The most interesting insight in Yu, Toon,  Robock,  et al.'s  paper is its confirmation of the "once in a blue moon" rarity of stratospheric smoke injections. 

The orignal 1983 TTAPS paper- Owen Toon is the second T, presumed stratospheric injection would be the norm, and postulated that teragrams of black smoke from thousands of nuclear attack  fires would simultaneously rise past the tropopause, creating a hemispheric optical depth of up to  20,  reducing sunlight by  roughly 3 to 6  orders of magnitude, dropping surface temperatures by tens of degrees to create a lethal global deep freeze lasting for months or years. 

Climate communicator Carl Sagan, the S in TTAPS,  publicly equated the modeled effects with those of the K-T asteroid impact and wrote that:
 " The extinction of Homo sapiens cannot be excluded."  
He asserted his "Apocalyptic predictions" to be the "robust" products of a "sophisticated one dimensional model." and wrote  in Foreign Affairs  that , never mind the smoke,  cooling from dust alone. even from a 50 megaton a nuclear war 100 times smaller that TTAPS 5,000 megaton "baseline" case would produce equally dire effects.

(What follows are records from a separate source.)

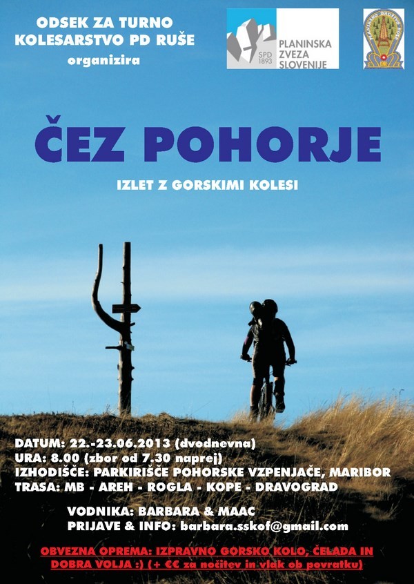 Turnokolesarska tura Čez Pohorje | Vrsta dogodka | Turnokolesarska tura | Območje | Gričevja in hribovja severovzhodne Slovenije | Kdaj | 22. 6. 2013 ob 8. uri | Traja do | 23. 6. 2013 (2 dni) | Kje | izpod Pohorske vzpenjače v Mariboru (odhod) | Društvo | Planinsko društvo Ruše | Komisija | Komisija za turno kolesarstvo | Organizator | PD Ruše | Prijave | Obvezne prijave na barbara.sskof@gmail.com do 19. 6. 2013 do 12 h. | Informacije | barbara.sskof@gmail.com ali na 051 606 997 (Maac) | Težavnost | kondicijsko in tehnično zelo zahtevna tura | Pot | Označena pot | Višinska razlika | 1. dan ca. 2200 m, 2. dan 1300 m vzpona | Cena | Predvideni stroški: min. 5€ za enolončnico, min. 6€ nočitev za člane PZS na skupnih ležiščih, vlak Dravograd - Maribor 5,48€, prevoz koles 3,20€ | Oprema / dokumenti | Izpravno gorsko kolo s profiliranimi gumami, čelada, rokavice, energetskopolna hrana, dovolj vode, orodje, rezervna zračnica, vetrovka, rezervna oblačila ... | Spoštovane kolesarke, spoštovani kolesarji, ljubitelji narave in turnega kolesarstva! Z velikim veseljem vas vabim, da se pridružite Turnokolesarskemu odseku PD Ruše na prvi dvodnevni turi 'ČEZ POHORJE'. V soboto 22. 6. 2013, se bomo ob 8.00 izpod Pohorske vzpenjače v Mariboru podali proti Arehu, nato pa na zahod v smeri Ribniške koče, kjer bomo prespali, si nabrali novih moči. Naslednji dan, po zajtrku, bomo nadaljevali prečenje v smeri Dravograda. V Maribor se vrnemo z vlakom, iz Dravograda pelje ob 18.05, v Mariboru bomo nekaj čez 19.30. Koče na poti: http://www.pzs.si/koce.php?pid=207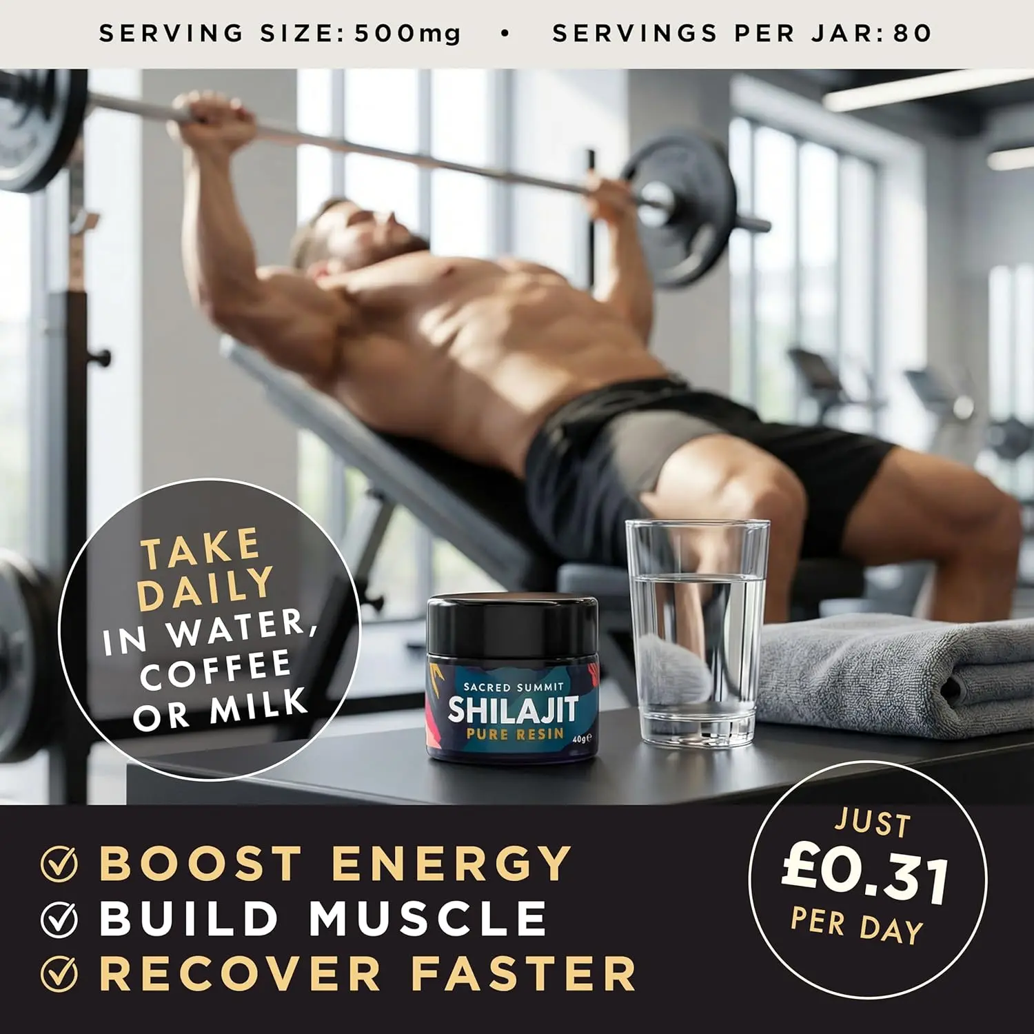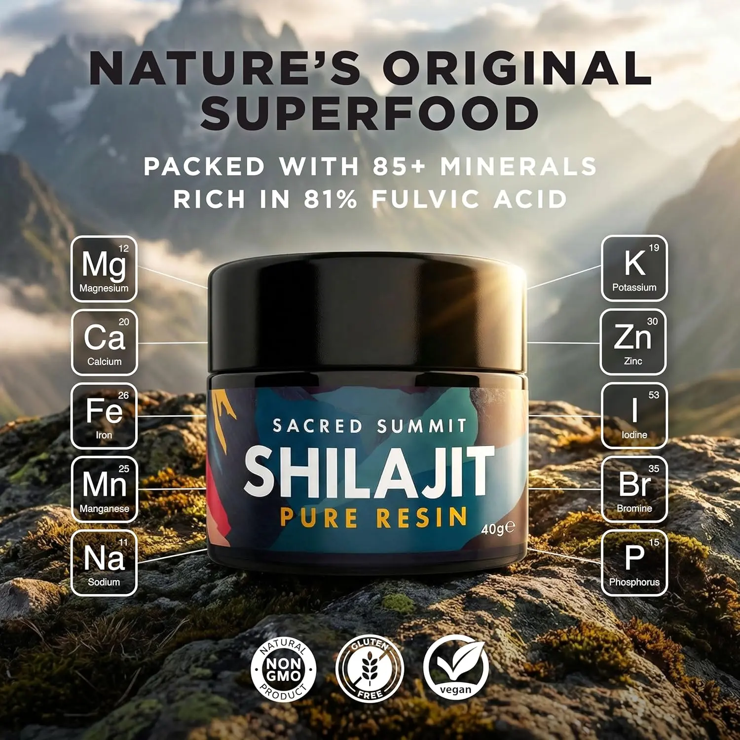 Unlock your peak performance with our Authentic Shilajit Resin! This potent formula is designed to revitalize your energy levels, support essential mineral intake, and aid in natural detoxification. Packed with a concentrated dose of 3,200mcg of B12, this resin combats fatigue and enhances stamina, ensuring you stay energized throughout your day. Our Shilajit is exceptionally rich in vital trace minerals, delivering 636mg of magnesium, 340mg of calcium, 35.6mg of iron, and 3.56mg of zinc per jar. These essential nutrients contribute to a robust immune system, optimal muscle function, strong bone health, and enhanced cognitive performance. Experience the power of a pure and potent composition, featuring 81% fulvic acid and 6.5% humic acid. This premium Shilajit offers maximum bioavailability, ensuring efficient nutrient absorption and supporting your body’s natural detoxification processes. We prioritize your safety and well-being. Every batch is rigorously third-party tested in the UK to guarantee it’s free from heavy metals and contaminants, and that it maintains consistent potency. Our Shilajit is ethically sourced from pristine mountain environments and is packaged in a Miron violet glass jar to preserve its freshness. A stainless steel spoon is included for easy and precise daily dosing. Vegan-friendly and sustainably packaged, our Shilajit resin is the perfect addition to your wellness routine. Experience the difference authentic, high-quality Shilajit can make!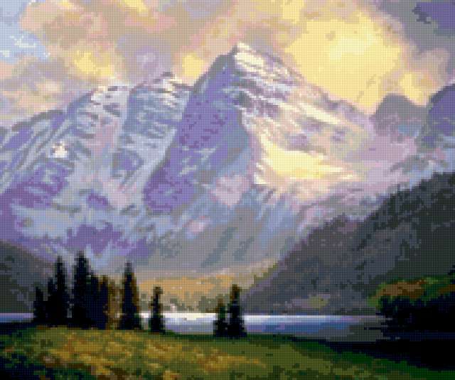 Ориентировочно так, схема вышивки «Variant 3», созданная автором Lamisa, будет выглядеть при отшиве на канве. Размер данной вышивки равен 190x159 крестов, при этом используется 72 цветов. Ключевые слова, по которым можно найти эту схему: природа, priroda, горы. Также, вы можете взглянуть на оригинальную картинку, соответствующую данной схеме вышивки.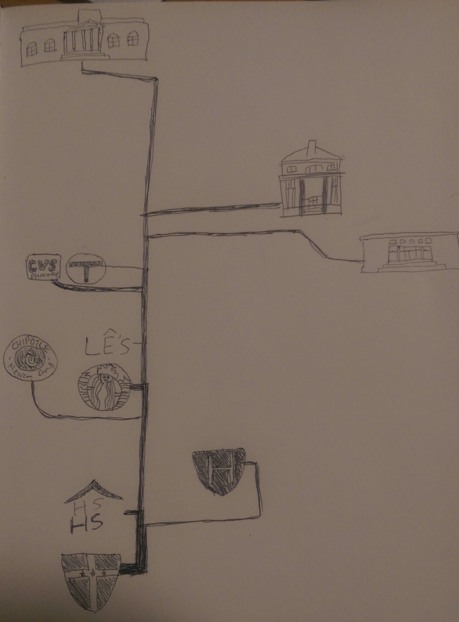 In this sketch, I attempt to visualize my own path around Harvard by drawing the places I frequent the most. In this sense, my representation of Harvard only takes into account the things that matter to me, leaving out the vast majority of the campus that may be of importance to others. Overall, I depict places of living (Kirkland House, Starbucks and CVS), leisure (Chipotle, Le’s and the T), academics (Littaeur, Emerson, and Lamont), and extracurriculars (Malkin Atheltic Center and Harvard Square Homeless Shelter). I used a logo when it was available and drew the building otherwise, as was the case for the buildings where I take classes and study. In order to depict the relative importance of the different locations and my movement throughout the campus, I drew the thickness of the path based on how frequently I followed it. For example, I spend the most time in Kirkland House at the bottom of the sketch, so the line is extremely thick. Because I go to Chipotle much less frequently, the line is much thinner.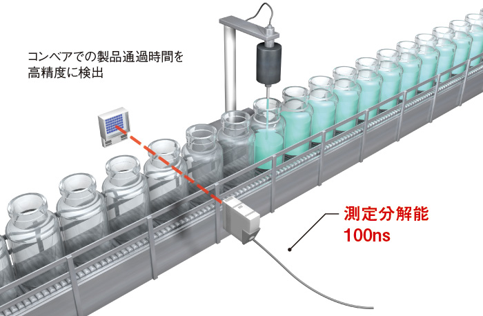 - 食品や飲料製品の製造時に、コンベア上を移動する瓶の大きさや速度を近接センサで簡単に測定できます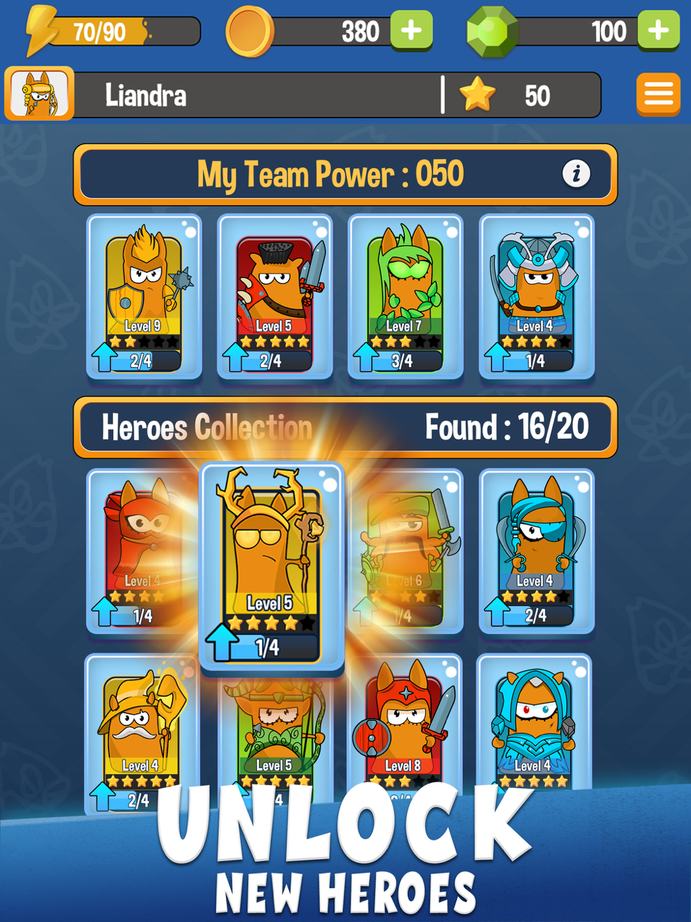 - Unlock, collect and upgrade 20 unique heroes and their unique powers

Forest fire experiments were accordingly carried out in Canada  in the 80's to test TTAPS 'nuclear winter' hypothesis but they failed to produce produce high optical depths or evidence of solar plume bouyancy or stratospheric smoke transport. It took three decades before one natural wildfire out of hundreds produced either.

Black smoke from the appallingly intense Kuwait Oil Fires also failed to penetrate the tropopause. although Sagan warned ABC Nightline viewers that their emissions would collapse the Asian monsoon and cause a regional famine. It didn't happen.

There was once a case for climate modeling hyperbole in the service of disarmament, but the Cold War is long gone. While  Alan Robock remains  at liberty to call radiative forcing , and single digit temperature changes  from   more modern and realistic  low optical depth GCM  model intercomparisons, "nuclear winter ", the  two most salient feature of this study are that, as was objected in the 1980's, photochemisry militates against  the ooptical depth persistance that  TTAPS presumed in adducing the term 'nuclear winter.

Smoke plumes that reach the stratosphere remaiin rare outliers-  we had to wait more than a generation for satellites to catch one in the act. 
While it is  easy  to paint  a model's  sky black- just tell the systems programmer to adjust the code, models are not things ,and the material world is under no obligation to emulate parameters chosen or guessed at in the name of the precautionary principle.  

TTAPS and the term 'nuclear winter were criticized as just such a case by climate modelers and statregic policy analyst alike, notably Climatic Change founder  Steve Schneider, and John Holdren's predecessor as Pugwash president, George Rathjens of MIT.